[Start of section]
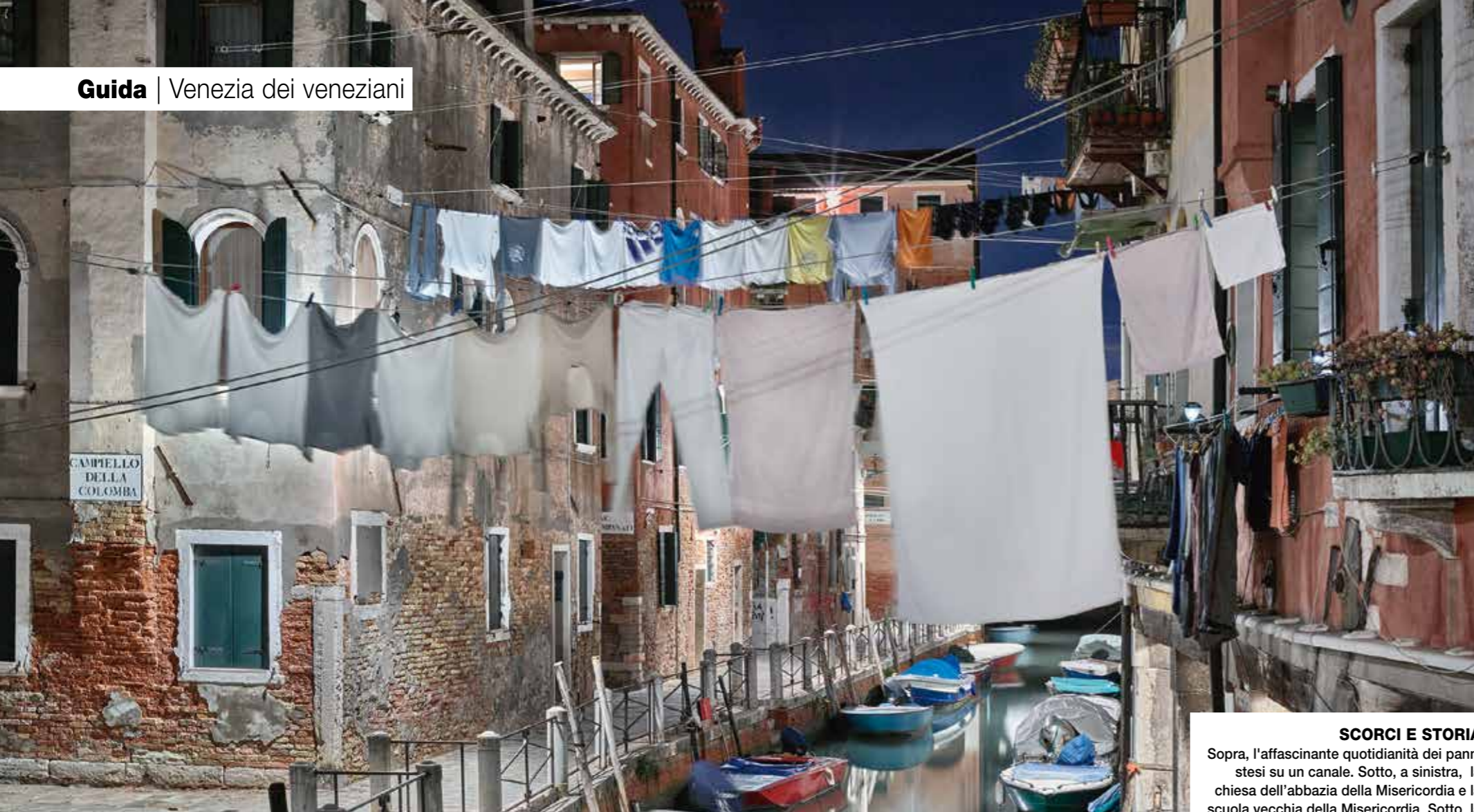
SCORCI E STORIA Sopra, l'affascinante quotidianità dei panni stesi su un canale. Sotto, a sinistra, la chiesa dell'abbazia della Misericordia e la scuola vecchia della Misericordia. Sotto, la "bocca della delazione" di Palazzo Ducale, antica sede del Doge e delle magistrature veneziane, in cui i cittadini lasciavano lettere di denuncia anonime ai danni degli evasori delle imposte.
[End of section]
[Start of section]
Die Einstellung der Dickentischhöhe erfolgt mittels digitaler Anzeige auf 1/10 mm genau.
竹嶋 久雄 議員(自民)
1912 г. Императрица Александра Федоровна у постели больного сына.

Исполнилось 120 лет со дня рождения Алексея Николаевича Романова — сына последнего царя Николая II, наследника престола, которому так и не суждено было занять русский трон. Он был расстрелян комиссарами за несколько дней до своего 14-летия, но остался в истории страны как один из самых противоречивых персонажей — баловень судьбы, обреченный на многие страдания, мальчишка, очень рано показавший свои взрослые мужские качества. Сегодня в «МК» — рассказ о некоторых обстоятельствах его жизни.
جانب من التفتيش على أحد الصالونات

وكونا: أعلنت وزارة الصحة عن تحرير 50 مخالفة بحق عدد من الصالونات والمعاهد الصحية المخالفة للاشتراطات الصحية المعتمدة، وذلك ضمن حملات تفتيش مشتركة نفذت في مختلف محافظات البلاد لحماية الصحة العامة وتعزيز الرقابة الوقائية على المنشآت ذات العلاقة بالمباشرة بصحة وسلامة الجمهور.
[End of section]
■ TASK GOAL
A bare number is required: the count of lines above with the string "الصالونات".

■ WRITTEN SOLUTION
2